Your last response came in just as I was writing a question about Atomic-anything being needed. Not sure about the 1-bit mention. don't you still need some kind of unique identification. Otherwise you do a transient, then persist it. Come back and transient on something that shares the non-root nodes that were marked (and never unmarked) during the first attempt. Don't you need to know that the you have a new transient going on, else this transient will think it already owns those nodes?

cgrand 2023-02-09T23:12:37.652029Z

This one immutable bit tells whether the parent has unique ownership of the child. A node is editable if you have a continuous chain of exclusive ownership from root to node. No mutation required.

dmiller 2023-02-09T23:19:38.987529Z

You are assuming some object that holds that bit and we are using reference equality, rather than a naked bit in each node? (I'm now guessing my current confusion is just my misinterpretation.)

cgrand 2023-02-09T23:56:59.770949Z

If only we could really tag pointers it would be broadly applicable. That’s why we use it only in hahsmaps. In our hashmap implementation we use a 64-bit bitmap to allow tighter packing of the array. So two bits per child. Thus 4 possible states. At first we had usage only for 3 (empty, in-line pair, child node) so 41% of a perfectly working bit was going to waste 😀. So now we have 4 states : empty, in-line, shared child, exclusive child. And this frees us from having a ref to a mutable box. This makes up for the larger bitmap.

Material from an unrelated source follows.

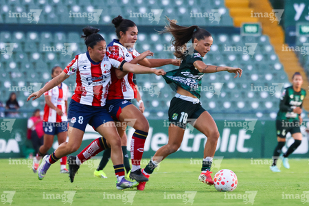 León, Guanajuato, 24 de abril de 2026. María Sánchez, Frida Gómez y Solange Lemos, durante el partido correspondiente a la jornada 17 del torneo Clausura 2026 de la Liga BBVA MX Femenil, entre las Esmeraldas del León y el Atlético San Luis, realizado en el estadio León. Foto: Imago7/

dmiller 2023-02-10T00:43:46.411369Z

Lisp implementers closer to the metal had so many cool tricks involving tagging pointers. Sigh. I played around last year with doing a more F#-idiomatic approach to PersistentHashMap. Ran out of time back then. Will be revisiting soon. I'll take a look at what you've done to get some ideas. For PersistentVector, I'm not sure I can do better than a transaction id. Whether that is an int generated globally or an object with a boolean field, I'm not going to get much out of it. But an AtomicReference<Thread> really does seem like overkill.

cgrand 2023-02-10T07:40:08.225319Z

How would you implement it with a transaction ID? You would need a global registry of in-flight transactions. Sounds more complex than a object with a mutable boolean field no?